Below is a listing; transcribe it exactly but without any images.

INPUT DATA

((

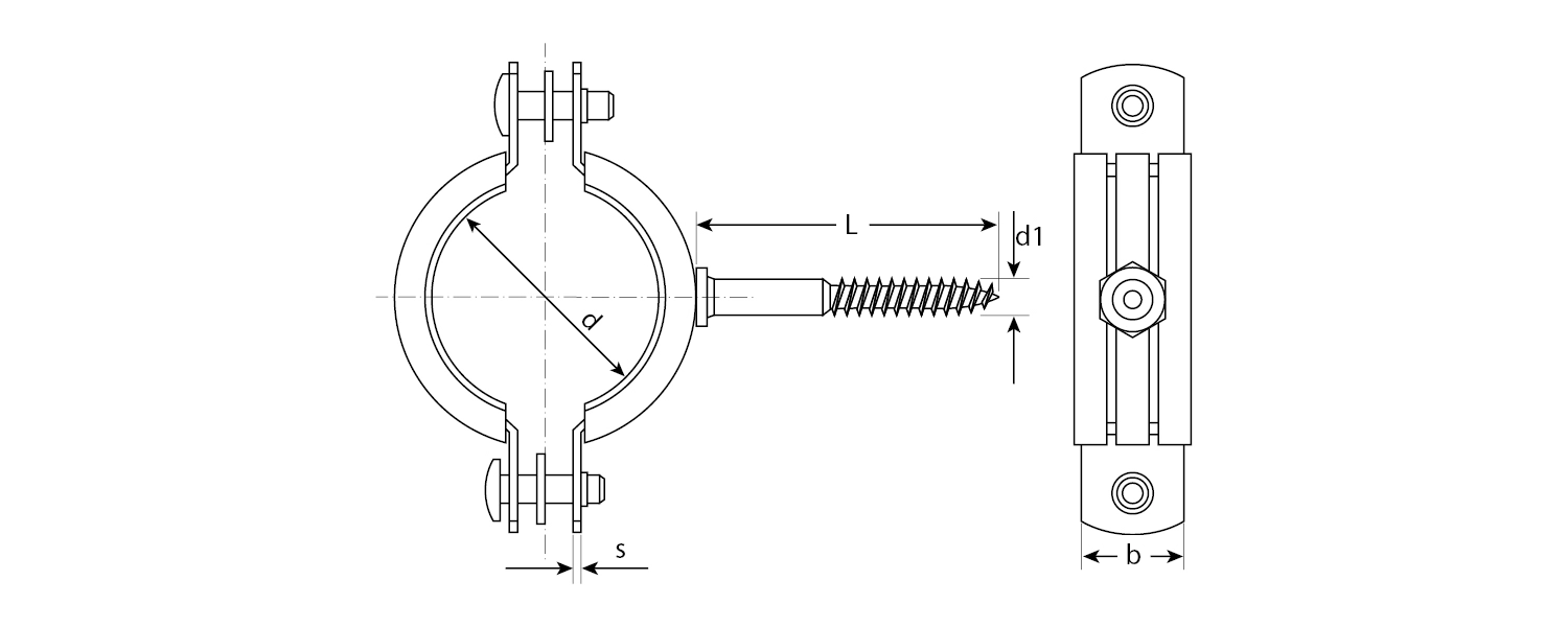 Хомуты крепятся к любым основаниям при помощи сантехнической шпильки и дюбеля;
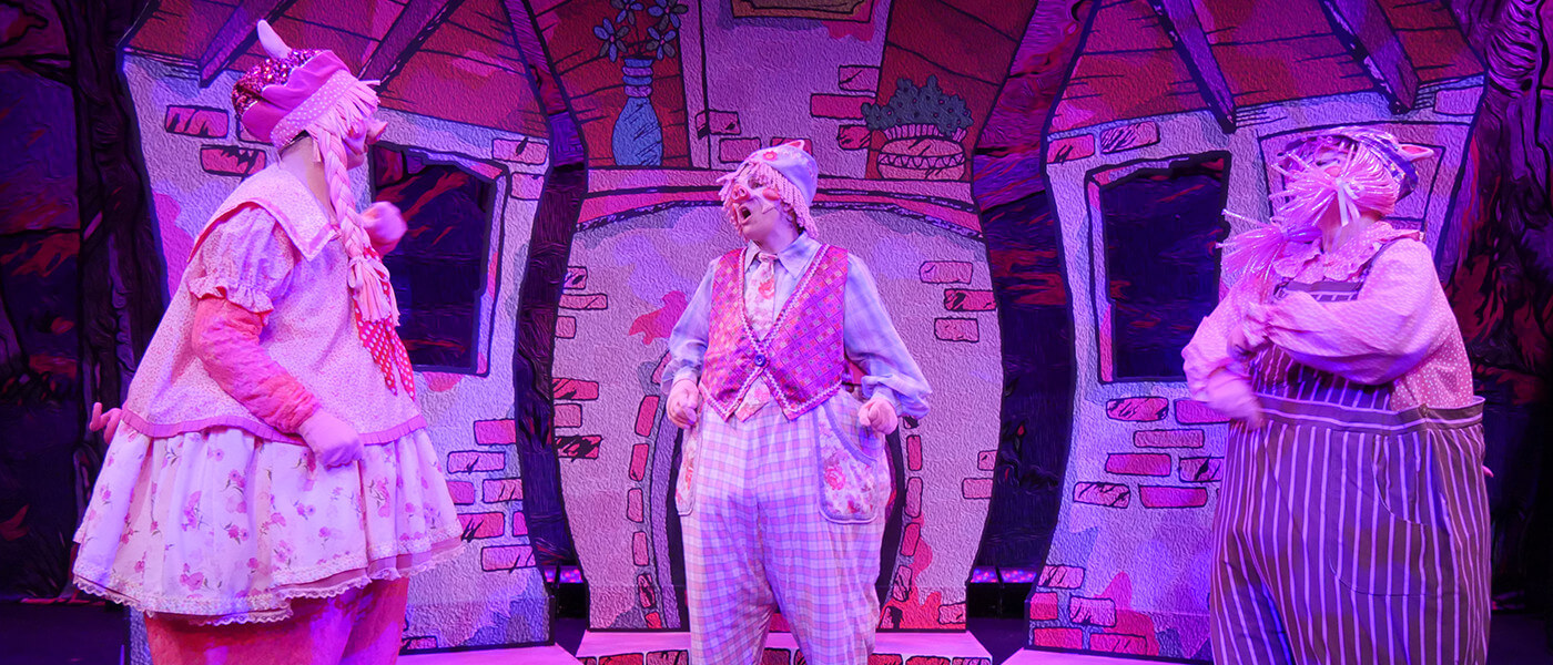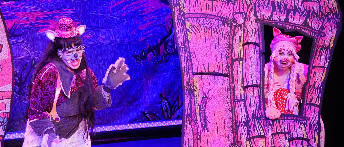 Mamá Piggy narra esta adaptación bilingüe que cuenta con el protagonismo de una loba vegetariana y las tres cerditas más lindas de este lado de la ciudad. Acción, aventura y música salsa, así como otros ritmos latinos, harán mantener al público aplaudiendo hasta un final feliz. Recomendada para estudiantes de Pre-K hasta 5to grado. Funciones bilingües.
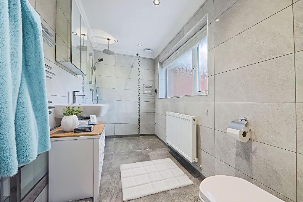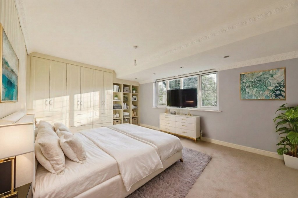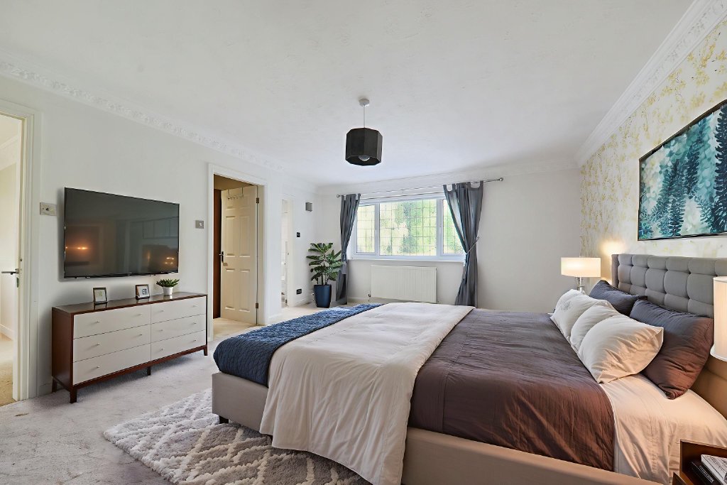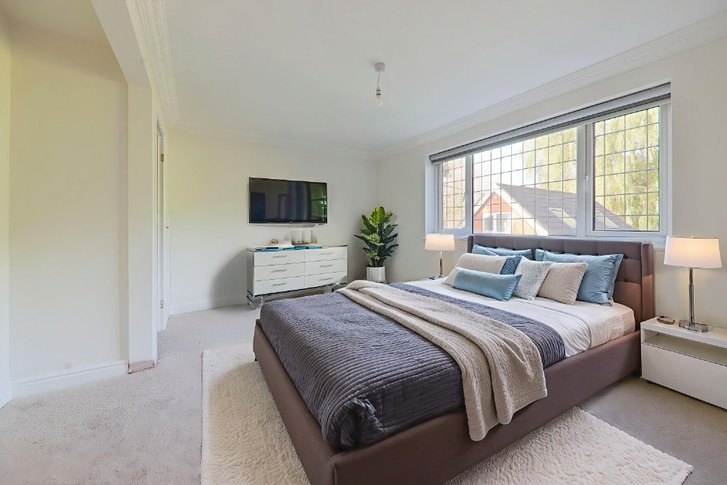 Upstairs, the layout continues to work very well for growing families. All five bedrooms are proper doubles, offering flexibility for children, guests or working from home. The main bedroom includes a walk-in dressing room and an en-suite, while the family bathroom is smartly fitted.

))

ANSWER SPACE
 Хомуты крепятся к любым основаниям при помощи сантехнической шпильки и дюбеля;
 Mamá Piggy narra esta adaptación bilingüe que cuenta con el protagonismo de una loba vegetariana y las tres cerditas más lindas de este lado de la ciudad. Acción, aventura y música salsa, así como otros ritmos latinos, harán mantener al público aplaudiendo hasta un final feliz. Recomendada para estudiantes de Pre-K hasta 5to grado. Funciones bilingües.
 Upstairs, the layout continues to work very well for growing families. All five bedrooms are proper doubles, offering flexibility for children, guests or working from home. The main bedroom includes a walk-in dressing room and an en-suite, while the family bathroom is smartly fitted.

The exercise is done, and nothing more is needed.